Профейн все острее ощущал себя чужим в подземном мире. Количество аллигаторов потихоньку сокращалось, и у Бенни постепенно стало складываться впечатление, что он теряет друзей. Да ладно, уговаривал себя Профейн, что я им, Франциск Ассизский, что ли? Я не беседую с ними и не люблю их. Я их отстреливаю.
Жопа ты, отвечал адвокат дьявола. Сколько раз они, булькая в вонючей жиже, приходили к тебе из мрака, словно искали старого друга. Ты никогда не думал, что они жаждут смерти?

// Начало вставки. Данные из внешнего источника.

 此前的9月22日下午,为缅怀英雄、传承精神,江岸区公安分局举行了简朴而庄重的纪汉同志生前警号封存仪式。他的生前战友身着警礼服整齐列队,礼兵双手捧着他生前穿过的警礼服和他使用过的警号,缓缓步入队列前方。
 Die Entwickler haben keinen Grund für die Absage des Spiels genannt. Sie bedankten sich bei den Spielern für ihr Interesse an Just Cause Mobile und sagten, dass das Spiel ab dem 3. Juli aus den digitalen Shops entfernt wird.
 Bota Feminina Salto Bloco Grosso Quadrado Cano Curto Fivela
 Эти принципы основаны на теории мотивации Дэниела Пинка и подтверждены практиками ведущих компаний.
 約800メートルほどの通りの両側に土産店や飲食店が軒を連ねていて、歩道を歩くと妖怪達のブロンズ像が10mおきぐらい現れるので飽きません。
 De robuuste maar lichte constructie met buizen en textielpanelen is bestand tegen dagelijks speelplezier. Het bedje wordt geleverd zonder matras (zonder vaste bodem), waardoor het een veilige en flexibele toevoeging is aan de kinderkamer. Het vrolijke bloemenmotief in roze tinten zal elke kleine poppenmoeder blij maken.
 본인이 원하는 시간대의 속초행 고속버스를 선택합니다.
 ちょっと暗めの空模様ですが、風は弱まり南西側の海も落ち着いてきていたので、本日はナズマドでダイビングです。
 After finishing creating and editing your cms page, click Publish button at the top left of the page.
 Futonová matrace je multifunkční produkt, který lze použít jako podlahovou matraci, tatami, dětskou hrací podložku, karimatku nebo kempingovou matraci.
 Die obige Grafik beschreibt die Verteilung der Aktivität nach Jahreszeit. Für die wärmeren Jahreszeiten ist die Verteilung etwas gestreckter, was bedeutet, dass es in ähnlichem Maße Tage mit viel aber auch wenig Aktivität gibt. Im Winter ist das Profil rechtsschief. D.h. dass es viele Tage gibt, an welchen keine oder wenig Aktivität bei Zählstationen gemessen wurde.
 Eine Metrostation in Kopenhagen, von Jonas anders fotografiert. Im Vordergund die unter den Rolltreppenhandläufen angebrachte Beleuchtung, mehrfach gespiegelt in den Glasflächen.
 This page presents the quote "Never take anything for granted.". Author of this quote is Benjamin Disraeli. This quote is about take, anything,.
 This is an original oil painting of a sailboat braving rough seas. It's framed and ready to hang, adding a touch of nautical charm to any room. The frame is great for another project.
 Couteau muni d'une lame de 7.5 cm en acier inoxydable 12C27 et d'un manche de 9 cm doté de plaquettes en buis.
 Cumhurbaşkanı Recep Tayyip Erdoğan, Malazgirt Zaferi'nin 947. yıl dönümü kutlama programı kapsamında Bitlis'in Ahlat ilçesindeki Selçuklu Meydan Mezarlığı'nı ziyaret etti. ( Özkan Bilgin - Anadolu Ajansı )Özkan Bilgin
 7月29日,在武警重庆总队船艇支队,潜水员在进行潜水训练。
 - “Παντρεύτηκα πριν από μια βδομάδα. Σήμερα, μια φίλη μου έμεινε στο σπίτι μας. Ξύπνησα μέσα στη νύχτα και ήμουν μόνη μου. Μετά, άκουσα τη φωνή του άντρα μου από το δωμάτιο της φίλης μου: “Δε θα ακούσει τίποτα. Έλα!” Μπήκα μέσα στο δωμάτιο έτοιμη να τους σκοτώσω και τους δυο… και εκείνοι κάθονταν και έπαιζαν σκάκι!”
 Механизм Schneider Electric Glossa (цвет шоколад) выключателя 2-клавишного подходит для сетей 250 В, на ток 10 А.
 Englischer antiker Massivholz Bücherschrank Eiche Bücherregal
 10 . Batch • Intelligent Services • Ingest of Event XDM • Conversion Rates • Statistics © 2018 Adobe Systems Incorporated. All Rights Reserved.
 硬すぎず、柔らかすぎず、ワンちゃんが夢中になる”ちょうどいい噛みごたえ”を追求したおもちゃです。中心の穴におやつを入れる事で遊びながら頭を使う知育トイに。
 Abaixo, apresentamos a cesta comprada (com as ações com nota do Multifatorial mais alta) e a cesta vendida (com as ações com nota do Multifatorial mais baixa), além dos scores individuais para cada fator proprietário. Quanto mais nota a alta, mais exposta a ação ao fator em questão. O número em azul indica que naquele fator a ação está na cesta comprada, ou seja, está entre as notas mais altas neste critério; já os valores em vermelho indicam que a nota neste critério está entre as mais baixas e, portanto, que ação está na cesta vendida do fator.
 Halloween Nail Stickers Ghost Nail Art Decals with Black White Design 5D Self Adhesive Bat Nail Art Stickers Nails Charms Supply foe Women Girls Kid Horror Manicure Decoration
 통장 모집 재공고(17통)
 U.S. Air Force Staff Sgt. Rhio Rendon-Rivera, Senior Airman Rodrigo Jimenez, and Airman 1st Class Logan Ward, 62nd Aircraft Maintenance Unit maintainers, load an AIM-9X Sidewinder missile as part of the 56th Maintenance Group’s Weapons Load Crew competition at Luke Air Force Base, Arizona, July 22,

Профейн припомнил аллигатора, которого преследовал в одиночку почти до самой Ист-Ривер через Приход Фэйринга. Крокодил еле волочил лапы, позволяя подойти совсем близко. Сам лез под пулю. Бенни вдруг почудилось, что как-то в пьяном угаре, слишком обессилев и окосев, чтобы нормально соображать, он поставил свою подпись на договоре под отпечатками лап аллигаторов, которые теперь стали призраками. Выходило так, будто и впрямь существовал некий договор, соглашение, по которому Профейн даровал смерть, а аллигаторы давали ему работу – баш на баш. Они были нужны ему, а сами если и нуждались в нем, то только потому, что где-то в их куцых мозгах с незапамятных времен сохранилось представление о том, что крокодильчиками они были всего лишь очередным модным предметом потребления наряду с бумажниками и дамскими сумочками, сделанными из кожи их предков, и прочей дребеденью на прилавках универмагов «Мэйси» по всему свету. А когда их спустили в унитаз, то пребывание их душ в подземном мире стало лишь кратким перемирием, отсрочкой того момента, когда им предстояло вернуться к роли живых детских игрушек. Конечно, им этого не хотелось. Им хотелось стать теми, кем они были изначально; и наиболее совершенная форма изначального естества должна быть материей неживой – а как же иначе?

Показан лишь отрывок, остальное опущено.